# Chapter 2 Chi-squared Goodness of Fit Test

You may recall the research question, is the proportion of social media users who use Facebook more than once per day different from 73%? that we considered in the previous topic. We tested the associated hypotheses using the one-sample test of proportions. In this test, there were only two possible categories people could be categorised into:

1. Use Facebook more than once per day
2. Use Facebook once per day or less

What if there were more than two categories? For example, using Facebook with:

1. High frequency (> 10 times per day)
2. Medium frequency (2-10 times per day)
3. Low frequency (once per day)
4. Never

In such a case, we could use the Chi-squared goodness of fit test.
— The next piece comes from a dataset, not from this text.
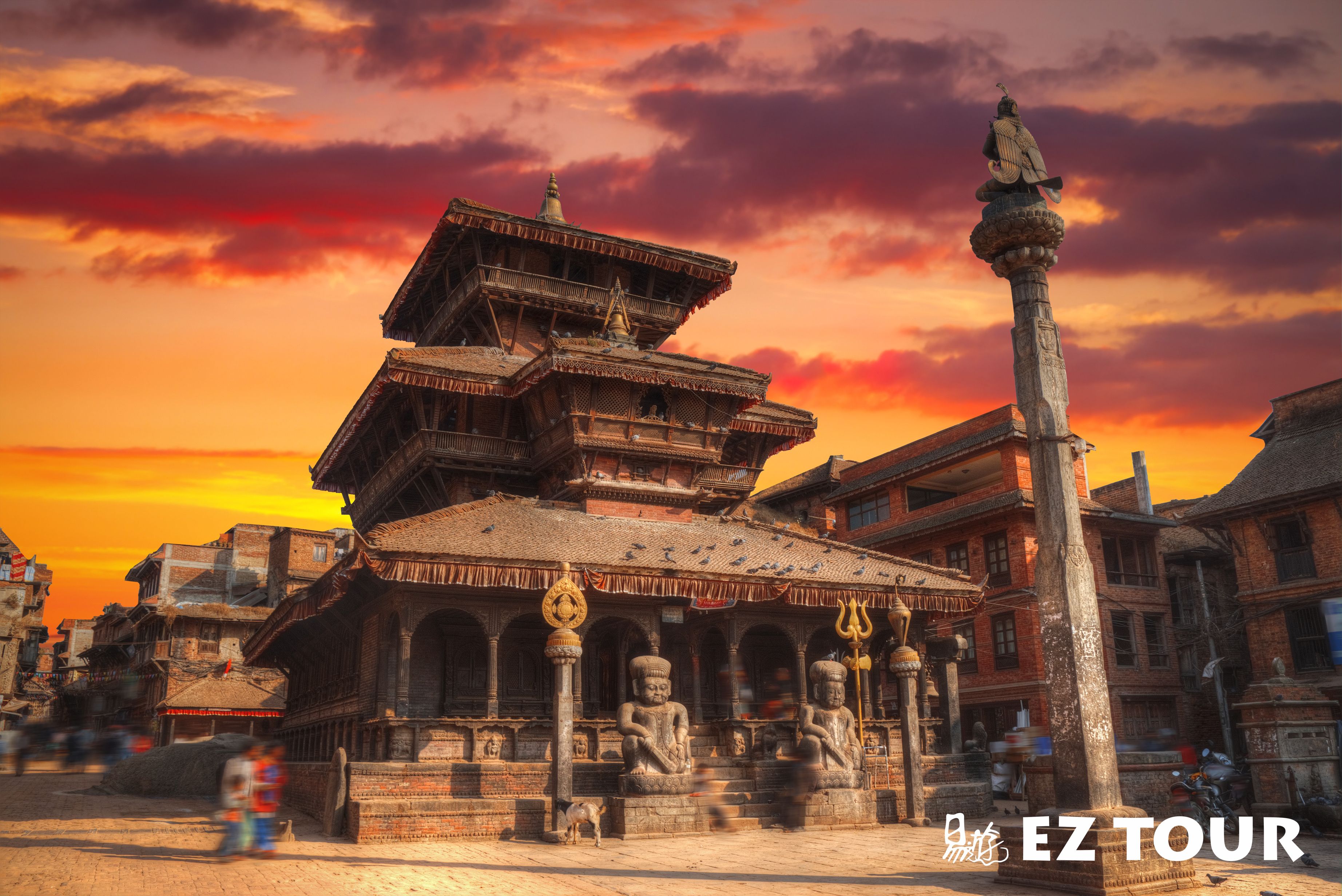 KATHMANDU, NEPAL - OCTOBER 19, 2015 : Sunset over Patan Durbar Square in Nepal.

For example, suppose a claim has been made that the frequency with which social media users use Facebook is as follows: 1. High frequency: 20% 1. Medium frequency: 65% 1. Low frequency (once per day): 10% 1. Never: 5%

A survey was carried out to study the social media habits of regular social media users from around the world. The below table shows the results the survey based on the $$n = 484$$ respondents, as well as the expected percentages based on the above claim:

Frequency Observed frequency Observed percentage Expected percentage
High 95 19.63% 20%
Medium 273 56.40% 65%
Low 94 19.42% 10%
Never 22 4.55% 5%

To test whether the observed distribution of percentages is significantly different from what was expected (or claimed), we can test the following hypotheses via the chi-squared goodness of fit test:

$$H_0:$$ There is no significant difference between the observed and expected distribution of proportions of Facebook usage frequency of social media users.
versus

$$H_1:$$ There is a significant difference between the observed and expected distribution of proportions of Facebook usage frequency of social media users.

For the chi-squared goodness of fit test, the degrees of freedom is:

Degrees of freedom for chi-squared goodness of fit test:

$$\text{df} = \text{Number of categories} - 1$$.

In our example, there are four categories, so we have that

$\text{df} = 4 - 1 = 3.$

Suppose a group of university students have been asked how often they smoke, and possible answers are:

• Never
• Sometimes
• Often.

Further suppose we wish to test whether the distribution of proportions for this group of university students is the same or different from a set of expected proportions. What would be the degrees of freedom for this test?

2

### References

Raymond, Mark. 2019. “Social Media Usage Report 2019: User Habits You Need to Know.” 2019. https://www.goodfirms.co/resources/social-media-usage-user-habits-to-know.